La danza del tramoyista
Los cigarros de nuestro espectáculo «Paisaje con Argonautas» tienen un secreto en sus entrañas. No son un cigarrillo cualquiera. Cada noche, antes del espectáculo, 8 cigarrillos comerciales sufren un intenso proceso de transformación a puerta cerrada, del que salen, aparentemente intactos, pero con mucho meollo en su interior. Es la forma que hemos encontrado de que luzcan, encendidos y humeantes, durante todo el tiempo en el que dura la escena en la que el personaje habla del paisaje de cemento y las «celdas con calefacción central» en el que se convirtieron las ciudades a partir de la segunda mitad el siglo XX.
Un secreto, digo, que labra el alquimista de la compañía, el hombre de negro. Nuestro «Kuroko» particular. «Kuroko» es una palabra japonesa que sirve para designar a una figura de su teatro que es el «servidor de escena». Estos «servidores de escena» tienen incluso su particular forma de desplazarse sobre el escenario. Su movimiento en escena está codificado. De esta forma, el espectador asiático, reconoce de inmediato que se trata de un «servidor de escena», es decir, aquel que hace posible que ocurran todos los efectos «especiales» sobre el escenario.

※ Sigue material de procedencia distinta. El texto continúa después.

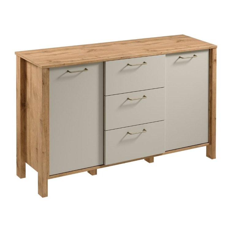 Komoda K2D3S sa skvele hodí na drobnosti a dokumenty. Zásuvky majú funkciu plného výsuvu, čo výrazne uľahčuje prístup k predmetom vo vnútri. Dve priestranné skrine s poličkou ponúkajúcou ďalší úložný priestor. Vysoké nohy umožňujú ľahký prístup. Kovové rukoväte v matne zlatej farbe dodávajú eleganciu. Prírodné farby teplého dekoru dub Wotan na korpuse nábytku v kombinácii s jednofarebnou béžovou alebo zelenou na výber robia kolekciu prirodzene krásnu.

En occidente, esta figura ha estado siempre oculta a los ojos del espectador. Me refiero al tramoyista. Una profesión que, me dicen, está desapareciendo. Parece ser que los viejos maestros tramoyistas se están llevando consigo sus secretos al hoyo. Todo el «know-how», por utilizar una expresión actual, se está perdiendo por la falta de transmisión. O mejor dicho, por la falta de recipientes sobre los que verter todos esos conocimientos que hacen que una botella vuele por el espacio, que un columpio aparezca colgado en la sala de ensayo de un día para otro o que unos cigarros duren mucho más de la cuenta sin necesidad de aspirarlos ni una sola vez.
Forman parte los tramoyistas en Occidente de la danza del espectáculo, son la cara oculta de la luna. Poder velos trabajar en directo es un privilegio. En un teatro grande, donde tenía lugar un espectáculo de la Nederlands Dance Theatre fue un regalo para los ojos ver cómo 7 jóvenes tramoyistas, guiados por alguien de más experiencia, hacían bajar, a pulso, pero muy sutilmente y todos a la vez, una pared gigante que parecía deslizarse, en pleno espectáculo, cayendo de arriba abajo, hasta ocupar toda la línea central del escenario.
Quisiera inventar una palabra que aúne al tramoyista occidental con el «kuroko» japonés, aderezado con la capacidad para crear objetos mágicos para la escena, como por ejemplo, un reloj que arda, literalmente, en la muñeca. No hay teatro sin tramoya o no debería haberlo. Desde aquí, larga vida a los tramoyistas y, en especial, a nuestro hombre de negro particular.